§ YOUR OBJECTIVE
Transcribe the data underneath exactly. No images belong in your version.

========================

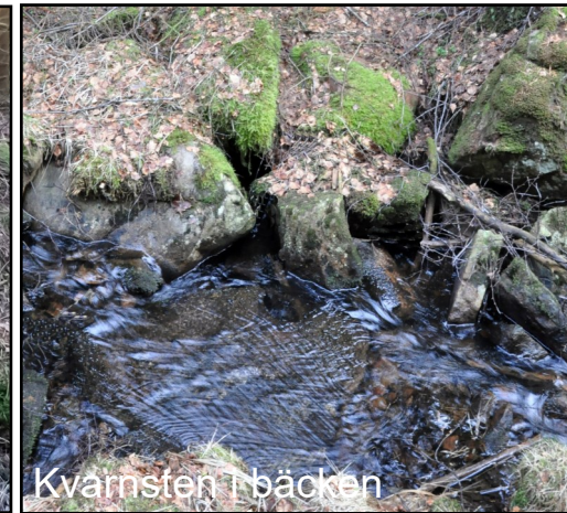
Kvarnsten i bäcken
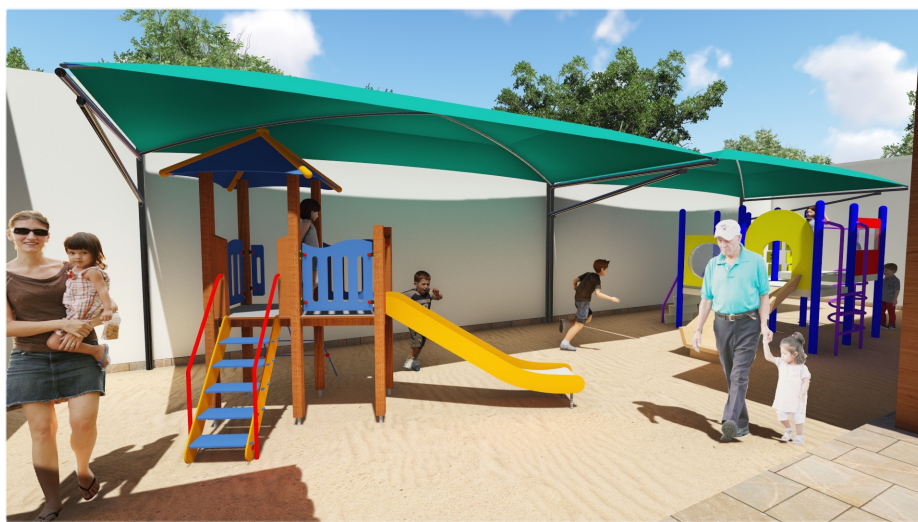
Área de Convivência
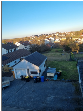
schöne Baulücke im Wohngebiet
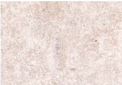
Béton gris lisse de décoffrage
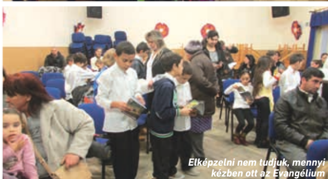
Elképzelni nem tudjuk, mennyi kézben ott az Evangélium
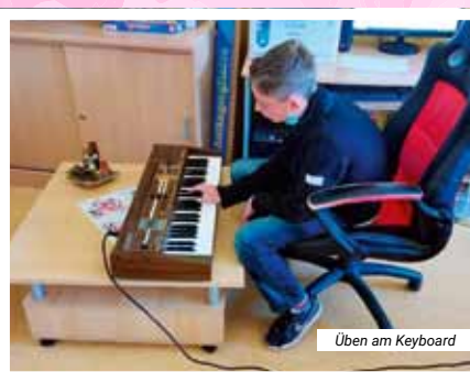
Üben am Keyboard

Wer nach mehr musikalischer Kreativität suchte, konnte sich am Keyboard ausprobieren.
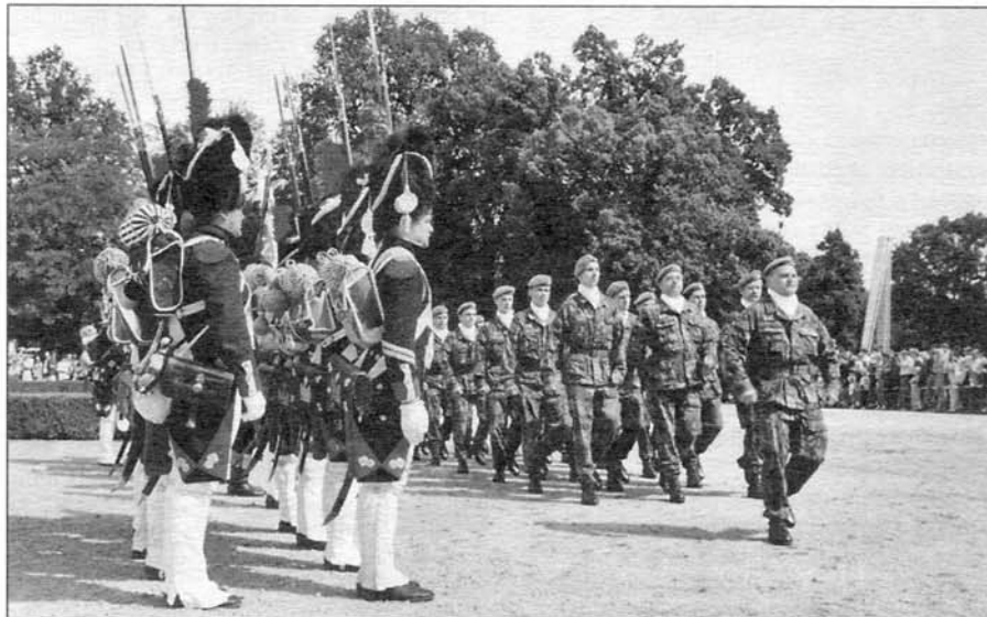
Pod bedlivým dohledem příslušníků Slavkovské gardy defilovali jejich „kolegové ve zbrani“, nováčci ze 74. záchranné a výcvikové základny v Bučovicích.

V prvním patře severního křídla zámku se koná dlouhodobá výstava Napoleonské války a české země. Galerie OK – 7. 9. Vernisáž výstavy - výtvarníci Josef Hořava a Karel Cyril Votýpka. Galerie HOLLAR – 4. 8.–30. 9. Karel Zeman - grafiky a medaile. HM
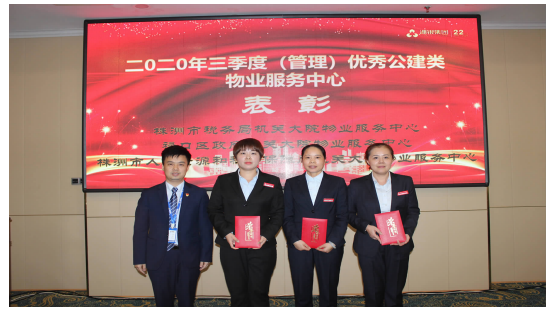
集团总裁办主任为三季度(管理)优秀公建类物业服务中心颁奖 株洲市税务局机关大院物业服务中心 溁口区政府机关大院物业服务中心 株洲市人社局机关大院物业服务中心
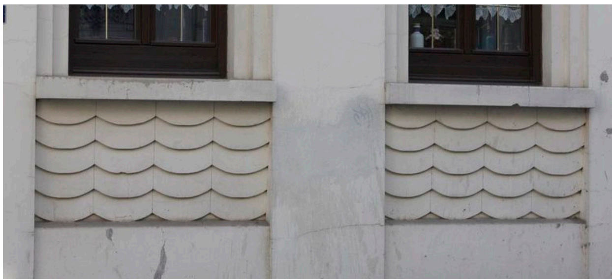
Motifs de vague sur allège.
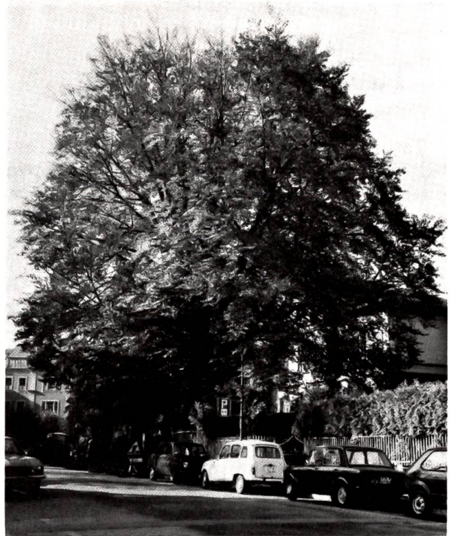
Musste das sein?
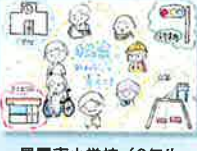
星置東小学校 / 6年生
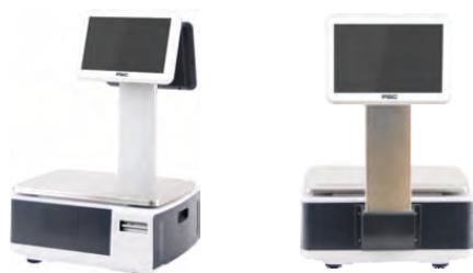
С ДИСПЛЕЕМ ПРОДАВЦА 10" И ПОКУПАТЕЛЯ 10" НА СТОЙКЕ
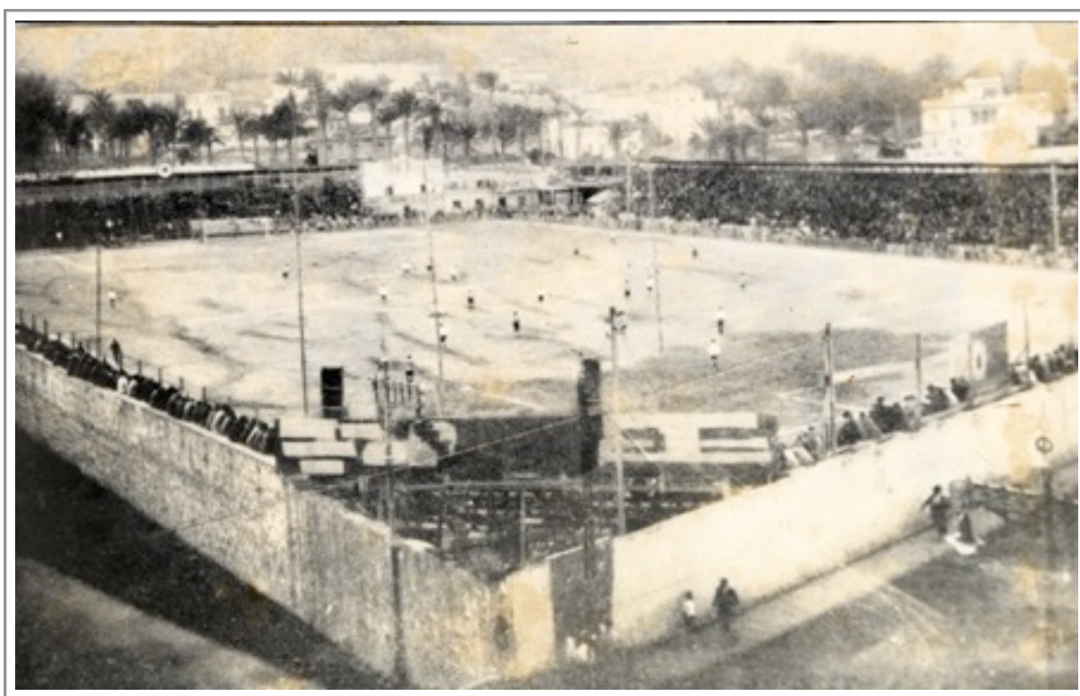
"Campo de Deportes España". Las Palmas.1915.
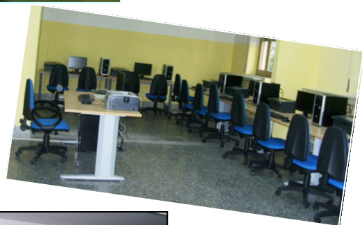
AULA DI INFORMATICA
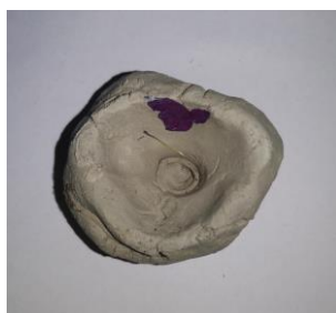
Slika 95. D. S. (6 godina): „Tanjur iz kojeg se može jesti“.

D. S. (6 godina): „Ovdje sam ja napravio jedan tanjur iz kojeg se može jesti i onda se tu dolje na dnu vidi otisak mog prsta kad sam ga stisnuo“ ( Slika 95. ).
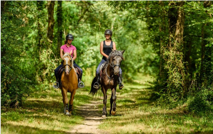
(Collectif F4 - Vincent Dhetine)
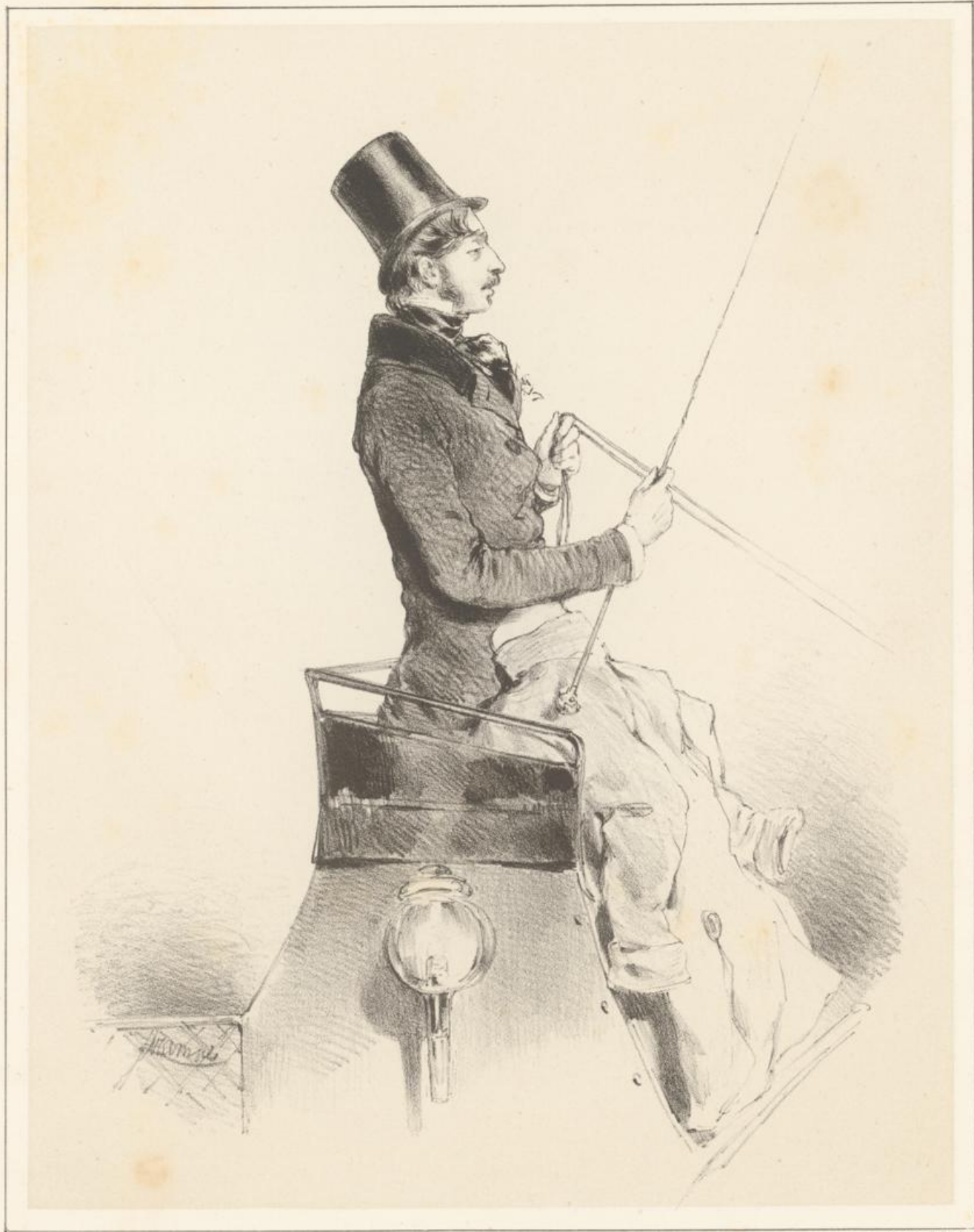
Gedr. b. J. Raub.

========================

§ RESPONSE
Kvarnsten i bäcken
Área de Convivência
schöne Baulücke im Wohngebiet
Béton gris lisse de décoffrage
Elképzelni nem tudjuk, mennyi kézben ott az Evangélium
Üben am Keyboard

Wer nach mehr musikalischer Kreativität suchte, konnte sich am Keyboard ausprobieren.
Pod bedlivým dohledem příslušníků Slavkovské gardy defilovali jejich „kolegové ve zbrani“, nováčci ze 74. záchranné a výcvikové základny v Bučovicích.

V prvním patře severního křídla zámku se koná dlouhodobá výstava Napoleonské války a české země. Galerie OK – 7. 9. Vernisáž výstavy - výtvarníci Josef Hořava a Karel Cyril Votýpka. Galerie HOLLAR – 4. 8.–30. 9. Karel Zeman - grafiky a medaile. HM
集团总裁办主任为三季度(管理)优秀公建类物业服务中心颁奖 株洲市税务局机关大院物业服务中心 溁口区政府机关大院物业服务中心 株洲市人社局机关大院物业服务中心
Motifs de vague sur allège.
Musste das sein?
星置東小学校 / 6年生
С ДИСПЛЕЕМ ПРОДАВЦА 10" И ПОКУПАТЕЛЯ 10" НА СТОЙКЕ
"Campo de Deportes España". Las Palmas.1915.
AULA DI INFORMATICA
Slika 95. D. S. (6 godina): „Tanjur iz kojeg se može jesti“.

D. S. (6 godina): „Ovdje sam ja napravio jedan tanjur iz kojeg se može jesti i onda se tu dolje na dnu vidi otisak mog prsta kad sam ga stisnuo“ ( Slika 95. ).
(Collectif F4 - Vincent Dhetine)
Gedr. b. J. Raub.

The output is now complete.